Print every record below exactly, minus the pictures.

--- START ---

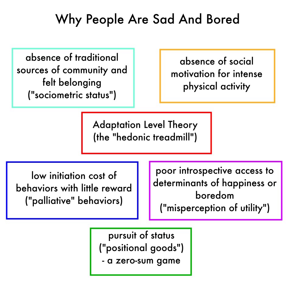 The lower levels of Maslow's pyramid reflect material well-being. But material abundance is not itself the cause of anomie and angst. Rather, ancestral, evolved solutions to lower-level problems also tended to contain solutions to higher-level problems as well. As these ancestral solutions are made obsolete by solutions that are more efficient on the material level, the more ineffable, higher-level problems they solved present themselves anew. Simple abundance of food is not the cause of obesity, but rather the loss of carefully evolved ancestral diets. Our ancestors found it easy to get to sleep because they were tired from intense physical activity; we often find it a challenge to get to sleep because modern solutions to material problems do not include physical activity. We are lonely and bored not because of material abundance simpliciter, but because the specific cultural patterns that have reproduced themselves to produce material abundance have whittled away the social and psychological solutions that were built into old solutions to material problems.
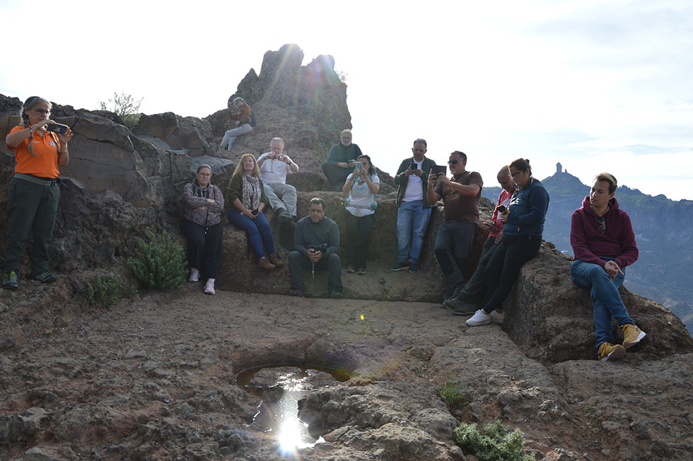 La estación otoñal arrancó con la centenaria cita anual del sol, con la marca al pie del Bentayga que señala su inicio
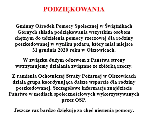 Gminny Ośrodek Pomocy Społecznej w Świątnikach Górnych składa podziękowania wszystkim osobom chętnym do udzielenia pomocy rzeczowej dla rodziny poszkodowanej w wyniku pożaru, który miał miejsce 31 grudnia 2020 roku w Olszowicach.
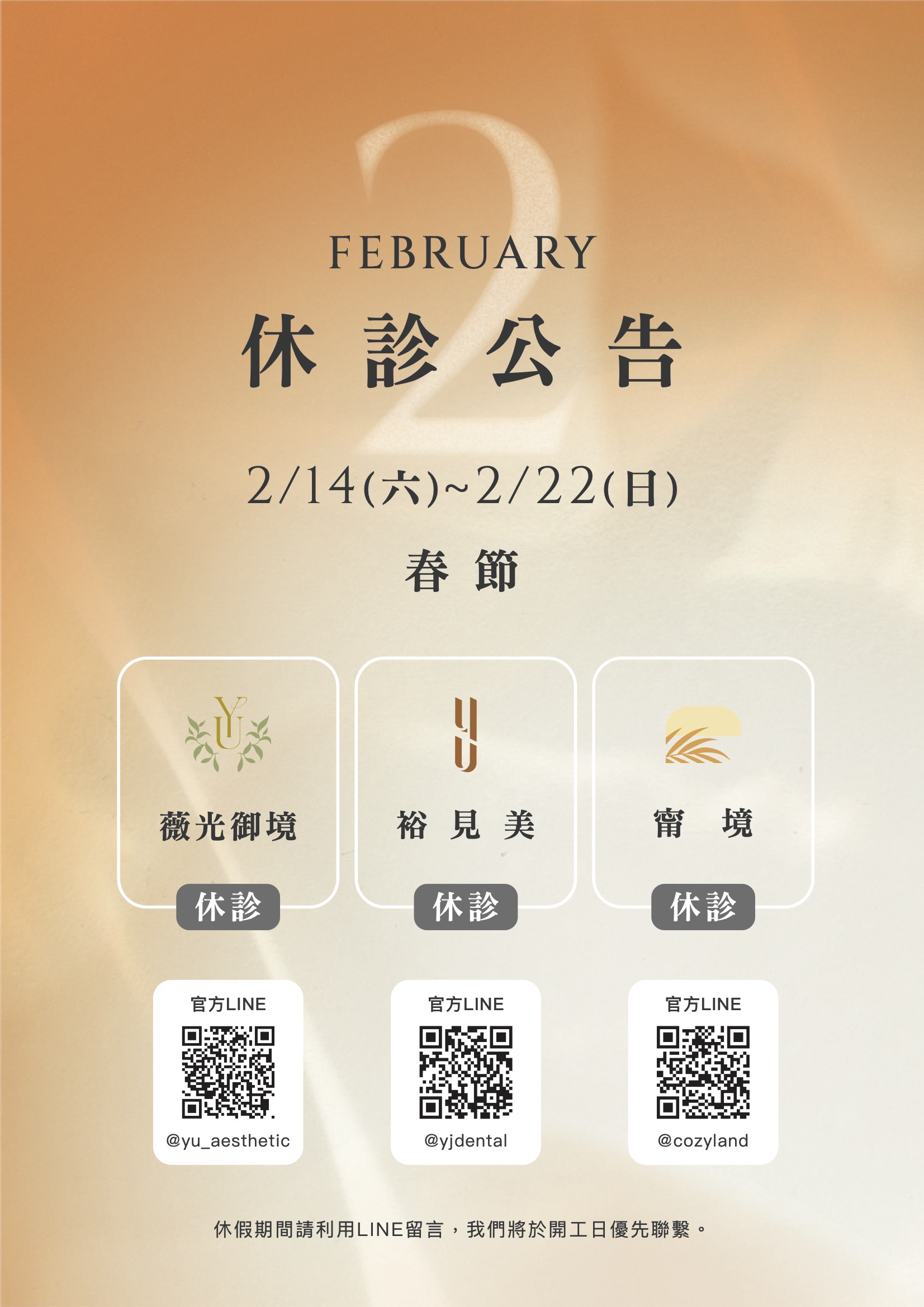 「 2/14(六)~ 2/22(日)暫停門診服務,並於 2/23(一)恢復正常看診」
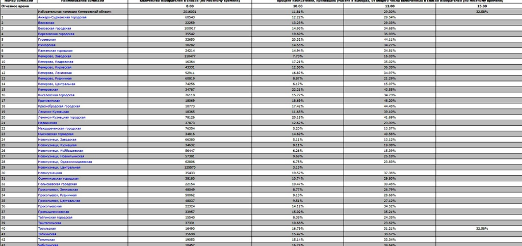 12:49 В Кузбассе каким-то чудом уже известна явка избирателей на выборах губернатора и депутатов облсовета на 15:00 по Тисульской территориальной комиссии - 32,58%. Данные опубликованы на ГАС.Выборах.

--- END ---

Exercise answer:
 The lower levels of Maslow's pyramid reflect material well-being. But material abundance is not itself the cause of anomie and angst. Rather, ancestral, evolved solutions to lower-level problems also tended to contain solutions to higher-level problems as well. As these ancestral solutions are made obsolete by solutions that are more efficient on the material level, the more ineffable, higher-level problems they solved present themselves anew. Simple abundance of food is not the cause of obesity, but rather the loss of carefully evolved ancestral diets. Our ancestors found it easy to get to sleep because they were tired from intense physical activity; we often find it a challenge to get to sleep because modern solutions to material problems do not include physical activity. We are lonely and bored not because of material abundance simpliciter, but because the specific cultural patterns that have reproduced themselves to produce material abundance have whittled away the social and psychological solutions that were built into old solutions to material problems.
 La estación otoñal arrancó con la centenaria cita anual del sol, con la marca al pie del Bentayga que señala su inicio
 Gminny Ośrodek Pomocy Społecznej w Świątnikach Górnych składa podziękowania wszystkim osobom chętnym do udzielenia pomocy rzeczowej dla rodziny poszkodowanej w wyniku pożaru, który miał miejsce 31 grudnia 2020 roku w Olszowicach.
 「 2/14(六)~ 2/22(日)暫停門診服務,並於 2/23(一)恢復正常看診」
 12:49 В Кузбассе каким-то чудом уже известна явка избирателей на выборах губернатора и депутатов облсовета на 15:00 по Тисульской территориальной комиссии - 32,58%. Данные опубликованы на ГАС.Выборах.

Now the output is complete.